**PROBLEM REQUIREMENTS:** Could you give back exactly the lines below from the one with "2-Piece Infant &" through the one with "Tenis Feminino Infantil", without a single picture?

**LISTED RECORDS:**
---*---
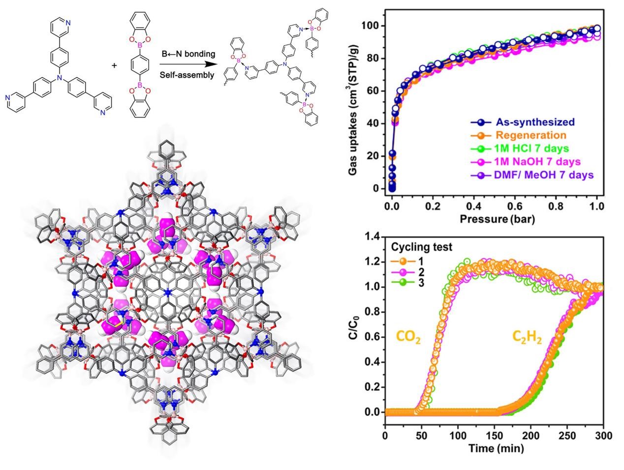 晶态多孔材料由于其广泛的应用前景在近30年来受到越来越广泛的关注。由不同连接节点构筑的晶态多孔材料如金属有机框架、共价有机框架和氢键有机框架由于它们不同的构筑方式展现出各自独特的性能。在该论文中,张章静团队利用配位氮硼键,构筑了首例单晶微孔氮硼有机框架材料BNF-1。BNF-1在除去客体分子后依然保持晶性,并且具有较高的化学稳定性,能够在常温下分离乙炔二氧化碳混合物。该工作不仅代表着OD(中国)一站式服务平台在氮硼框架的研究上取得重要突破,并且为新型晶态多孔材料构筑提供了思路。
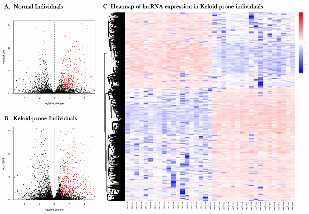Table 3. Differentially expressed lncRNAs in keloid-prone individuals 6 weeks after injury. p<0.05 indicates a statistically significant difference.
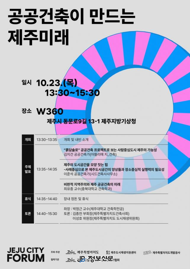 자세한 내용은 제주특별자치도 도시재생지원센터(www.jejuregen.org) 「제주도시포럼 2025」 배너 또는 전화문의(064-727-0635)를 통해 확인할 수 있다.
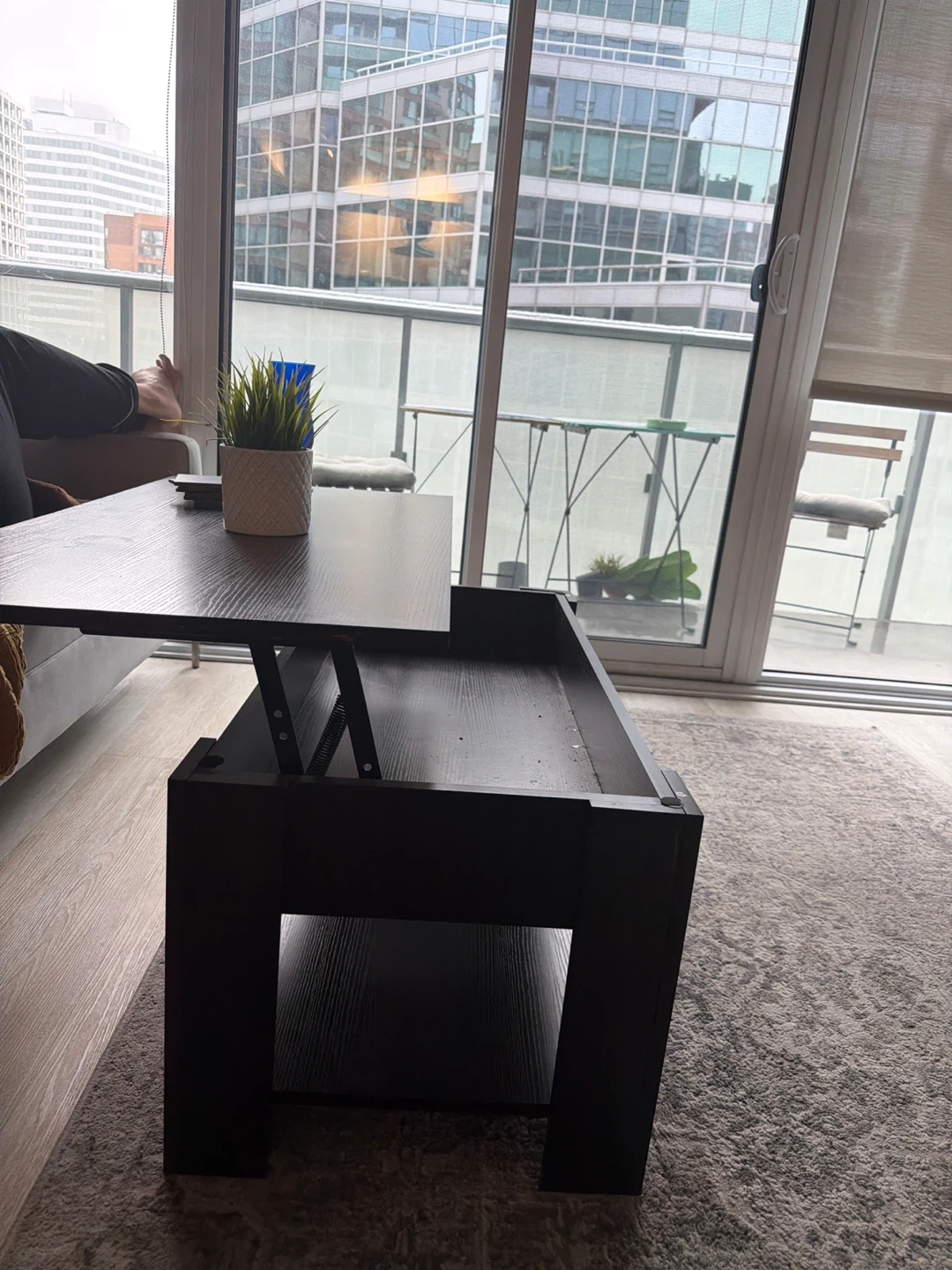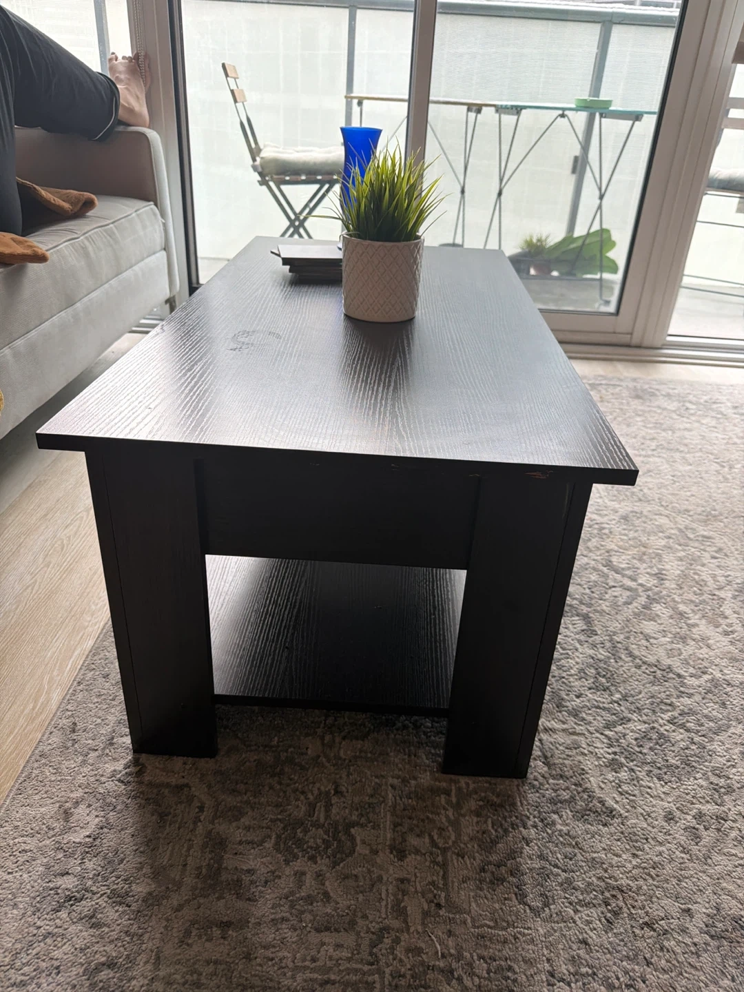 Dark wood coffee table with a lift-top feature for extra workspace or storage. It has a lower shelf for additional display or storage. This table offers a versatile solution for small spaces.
---*---
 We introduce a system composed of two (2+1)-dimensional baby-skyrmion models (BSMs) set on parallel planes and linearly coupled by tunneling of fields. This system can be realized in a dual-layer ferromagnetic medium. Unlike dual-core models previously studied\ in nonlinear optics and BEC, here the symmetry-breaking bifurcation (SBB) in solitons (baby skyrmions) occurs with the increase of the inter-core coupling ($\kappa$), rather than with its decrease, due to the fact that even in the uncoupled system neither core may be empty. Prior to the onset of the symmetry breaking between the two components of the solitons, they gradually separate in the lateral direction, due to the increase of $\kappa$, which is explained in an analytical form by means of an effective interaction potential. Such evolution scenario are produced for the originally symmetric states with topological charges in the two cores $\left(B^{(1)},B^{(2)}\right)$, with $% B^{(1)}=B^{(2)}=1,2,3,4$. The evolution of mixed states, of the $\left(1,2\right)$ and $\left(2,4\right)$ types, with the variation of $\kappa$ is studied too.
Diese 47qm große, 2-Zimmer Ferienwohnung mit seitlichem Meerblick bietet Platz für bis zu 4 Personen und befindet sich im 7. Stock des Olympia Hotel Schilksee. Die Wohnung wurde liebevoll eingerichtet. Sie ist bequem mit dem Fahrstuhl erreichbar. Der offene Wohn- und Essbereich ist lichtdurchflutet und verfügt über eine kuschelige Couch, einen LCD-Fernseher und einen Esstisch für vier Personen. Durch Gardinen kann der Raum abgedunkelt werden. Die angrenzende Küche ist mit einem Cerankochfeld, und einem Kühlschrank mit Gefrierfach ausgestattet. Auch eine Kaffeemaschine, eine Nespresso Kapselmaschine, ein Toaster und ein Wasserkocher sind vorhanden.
---*---
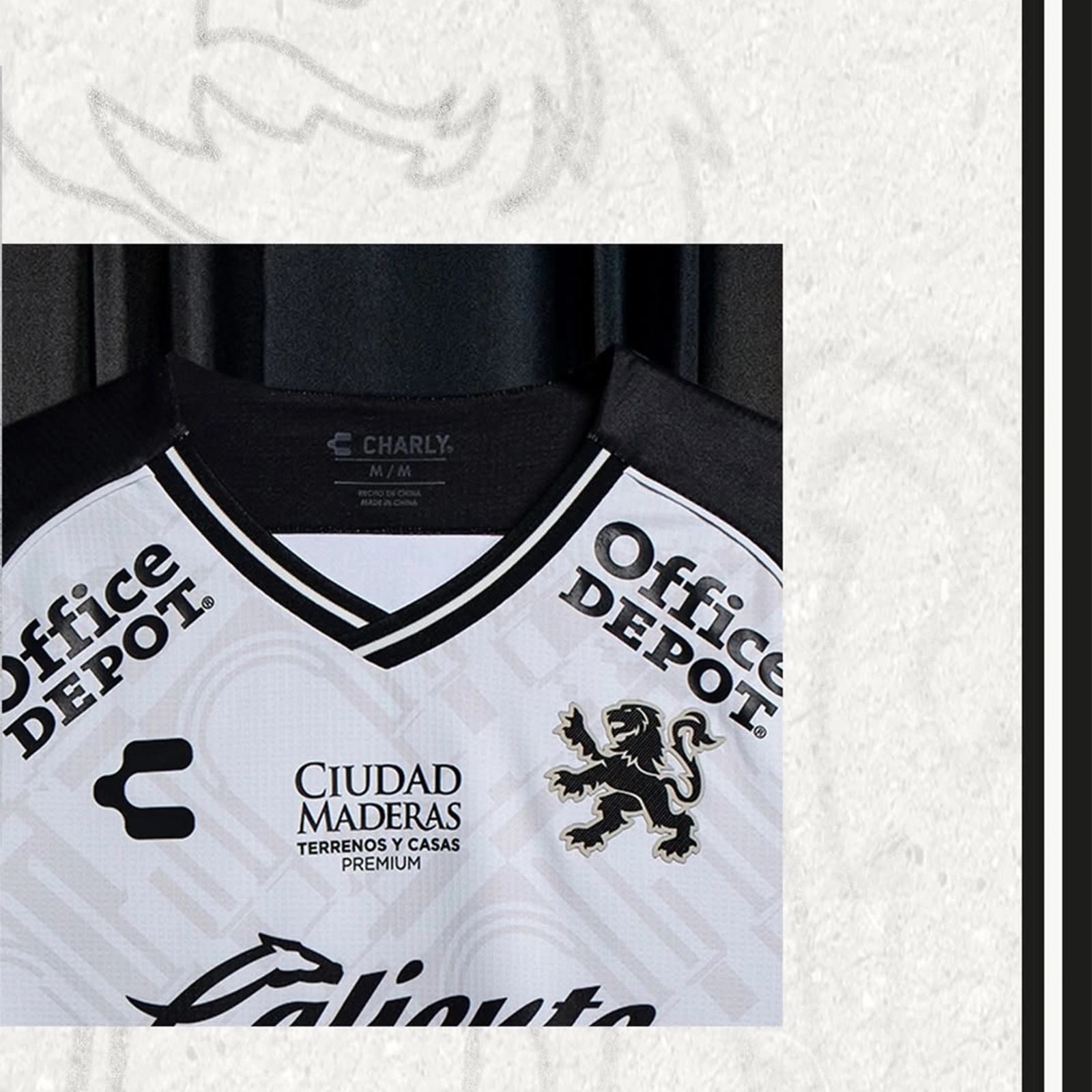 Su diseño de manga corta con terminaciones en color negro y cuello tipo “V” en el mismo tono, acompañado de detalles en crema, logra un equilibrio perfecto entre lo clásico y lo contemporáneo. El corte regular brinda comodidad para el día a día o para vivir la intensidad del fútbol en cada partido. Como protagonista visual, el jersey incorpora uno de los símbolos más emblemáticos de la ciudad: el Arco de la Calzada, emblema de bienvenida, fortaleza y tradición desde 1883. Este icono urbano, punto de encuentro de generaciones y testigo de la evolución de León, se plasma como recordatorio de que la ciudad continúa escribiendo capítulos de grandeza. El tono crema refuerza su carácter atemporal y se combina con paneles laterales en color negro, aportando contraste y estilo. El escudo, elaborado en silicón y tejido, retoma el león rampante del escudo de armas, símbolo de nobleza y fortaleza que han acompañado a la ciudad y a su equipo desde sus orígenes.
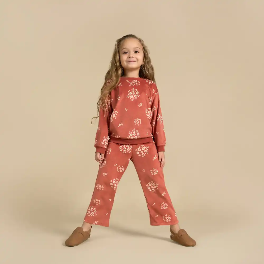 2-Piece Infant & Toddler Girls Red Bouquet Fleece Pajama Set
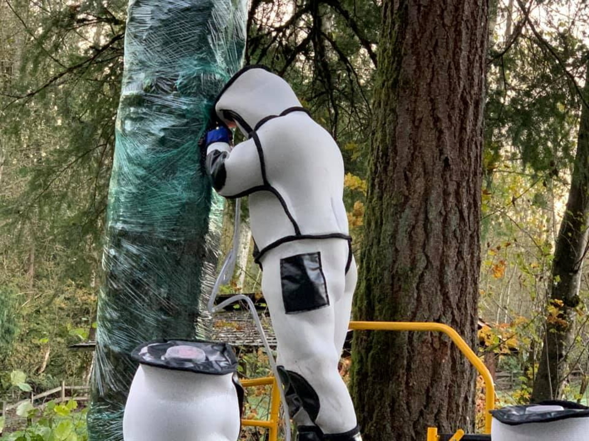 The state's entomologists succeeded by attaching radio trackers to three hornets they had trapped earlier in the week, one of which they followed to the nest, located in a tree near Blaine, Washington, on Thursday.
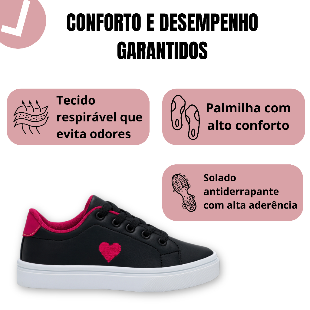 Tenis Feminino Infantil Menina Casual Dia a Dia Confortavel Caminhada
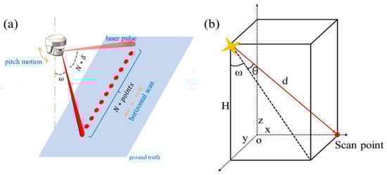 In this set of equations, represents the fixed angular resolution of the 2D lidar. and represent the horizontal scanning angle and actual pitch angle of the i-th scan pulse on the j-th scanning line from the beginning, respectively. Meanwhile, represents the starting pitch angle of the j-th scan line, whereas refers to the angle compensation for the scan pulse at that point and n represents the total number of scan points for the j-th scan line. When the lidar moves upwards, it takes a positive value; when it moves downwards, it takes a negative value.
---*---
**SOLUTION FOR THIS EXERCISE:**
 2-Piece Infant & Toddler Girls Red Bouquet Fleece Pajama Set
 The state's entomologists succeeded by attaching radio trackers to three hornets they had trapped earlier in the week, one of which they followed to the nest, located in a tree near Blaine, Washington, on Thursday.
 Tenis Feminino Infantil Menina Casual Dia a Dia Confortavel Caminhada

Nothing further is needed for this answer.